Голоса молодых геологов, доносившиеся по вечерам из-за брезентового полога, связывали с жизнью. Слушая их разговоры, он узнавал не только новости поисков, но кое-что и из дивно-ярских дел. Жить было можно. Но вот в лесную избушку прилетело столичное медицинское светило. Больной был тщательно обследован. Даны были категорические предписания, и сразу же оборвалась тоненькая нить, связывающая Литвинова с окружающим. Недалеко от станка построили большую утепленную палатку. Геологов выдворили туда. Неугомонный Толькидлявас, по его словам, в один вечер превратил избушку таежного охотника в «филиал Кремлевки». Стены и потолки были обшиты простынями. С нар, сложенных из ореховых жердей, больного перенесли на кровать с металлической сеткой. Грубо сколоченный стол, скамьи, чурбаны, заменявшие стулья, и какие-то ящики, исполнявшие обязанность шкафчиков, были выброшены, заменены белой больничной мебелью. Для сестер из Дивноярска доставили даже накрахмаленные халаты и шапочки. В довершение всех этих хлопот Толькидлявас собственноручно приколотил к стене репродукцию со знаменитой картины «Утро в сосновом лесу» в толстой золотой раме.

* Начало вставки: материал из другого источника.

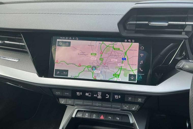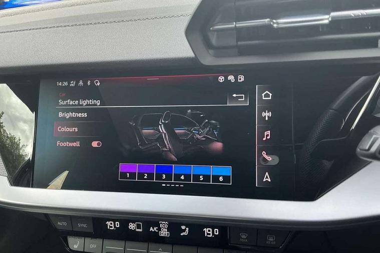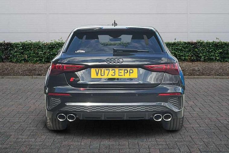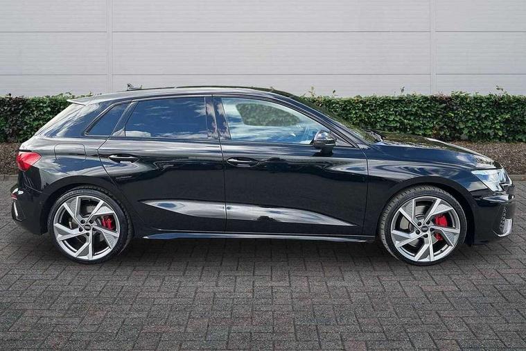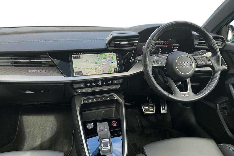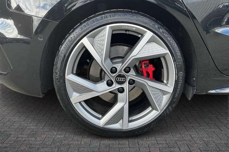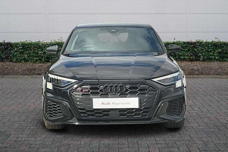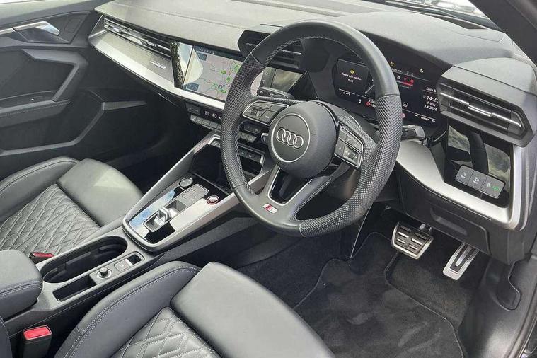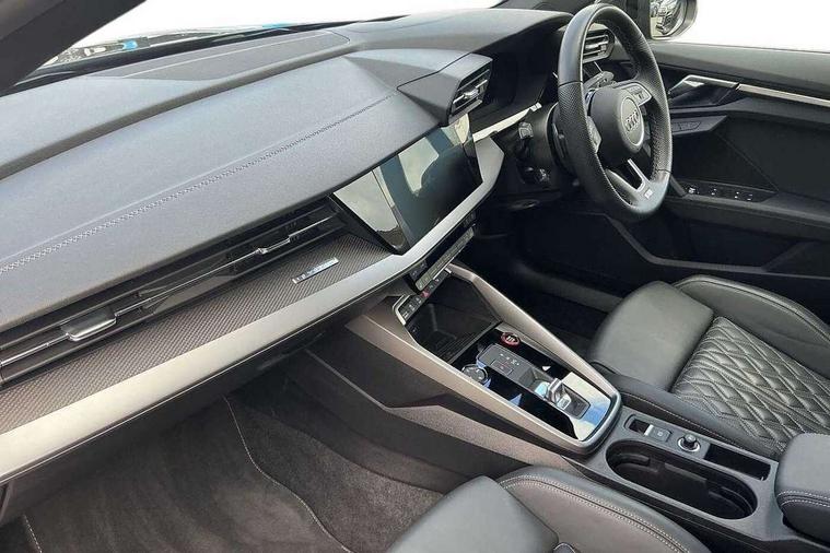 Adaptive cruise assist, Audi drive select (Auto, Comfort, Dynamic, Efficiency and Individual), Audi smartphone interface, Audi virtual cockpit plus - 12.3" full HD resolution dynamic digital instrument cluster, Automatic start/stop system with recuperation, Bluetooth interface, Collision avoidance assistant, e-Call (emergency call), Head up Display, Lane change assistant with exit warning system and rear cross traffic alert, Lane departure warning system, MMI Navigation Plus with high resolution 10.1" colour touch screen display, Power operated tailgate - Luggage compartment lid opens/closes electrically, Progressive steering, Service indicator, Trip computer, Voice control system with natural language interaction, Quattro permanent all wheel drive, S suspension with damper control, 2xUSB-C connection with data and charging functions, DAB Digital radio, 3rd brake light, Acoustic glass windscreen, Audi Beam uses LEDs to project Vorsprung onto the ground as you exit your S3, Auto dimming frameless rear view mirror, Carbon door mirror housings, Dual branch oval twin tailpipes in chrome plated finish, Electrically adj heated/folding + automatically dimming exterior mirrors with memory + automatic kerb side function for passenger side exterior mirror, Front electric windows, Headlight washers, Heat insulating glass windscreen, Illuminated door sills with aluminium inserts at the front with S logo, Integrated LED indicators in door mirrors, LED daytime running lights, Light and rain sensors, Privacy glass - dark tinted rear window, rear door and side windows, Rear electric windows, Rear side air outlets in grained matt black, Rear side wing doors, Rear wiper, 12V socket and storage compartment in front centre console, 3 seat bench in 2nd row, 3 spoke leather multifunction steering wheel with gear shift paddles, 4 way electrically adjustable lumbar support for driver and front passenger, 60/40 split folding rear seat bench, Black cloth headlining, Dual zone electronic climate control, Fine Nappa leather upholstery with front sports seats S embossed logo, Front and rear centre armrest in artificial leather, Front and rear headrests, Front/rear floor mats, Height and reach adjustable steering wheel, Interior lighting - glove compartment light and right hand side, Luggage compartment floor covering, Seat side bolsters, Single front passenger seat, Stainless steel pedals and front footrest in black, Aluminium interior elements pack - A3 Sportback, Black styling pack - A3 Sportback/S3, Body styling design pack - S3, Extended ambient lighting pack - A3 Sportback, Storage pack - A3 Sportback, Technology pack pro with 360 camera - A3 Sportback/Voursprung, 3x3 point rear seat belts, Driver and front passenger airbag with passenger airbag deactivation, Electronic Stabilisation Control (ESC) including ABS, ASR and EDL, First aid kit with warning triangle and 2 safety vests, Front side airbags with head airbags and interaction airbag, Pre-sense front with pedestrian and cyclist detection, Seatbelt monitoring, Tyre pressure loss indicator, Anti theft alarm, Anti-theft wheel bolts, Electronically operated child locks, Immobiliser, Remote control central locking, Carbon inlays, accent surfaces in the dashboard and centre console in platinum grey silk effect paint finish,

Все эти меры возымели обратное действие. Состояние больного заметно пошло на ухудшение. Он заскучал, потерял аппетит, замкнулся. Взор погас. Целыми днями лежал он с закрытыми глазами, но сестры, по очереди дежурившие возле него, догадывались: больной не спит.

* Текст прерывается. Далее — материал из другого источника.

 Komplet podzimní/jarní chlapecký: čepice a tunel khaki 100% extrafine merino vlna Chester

– Я не имею права вас обманывать, – говорил вернувшийся с консультации профессор Сте-паниде Емельяновне Литвиновой, пришедшей к нему на прием перед тем, как вылететь к мужу. Пожилая, полная, курносая женщина с лицом куклы-матрешки тихо сидела в профессорском кабинете, вцепившись большими руками в свою сумочку. – У него крепкое сердце и железный организм. Но он очень переутомлен. Это все усложняет… Покой, полная отрешенность от всего, что может чем-нибудь его взволновать, – только это дает слабые надежды.
– Ученый похрустел суставами пальцев.
– Трудный больной. Он отказывается от лекарств, почти ничего не ест. И, конечно, эти чудовищные условия, пещерный быт. За всю мою жизнь я не видел ничего подобного. Даже на войне.:
Степанида Емельяновна достала папиросу, постучала по коробке мундштуком и тут же испуганно скомкала и спрятала обратно в сумочку.
– Ну, есть он у меня будет и лекарства примет, – решительно сказала она. – Что еще?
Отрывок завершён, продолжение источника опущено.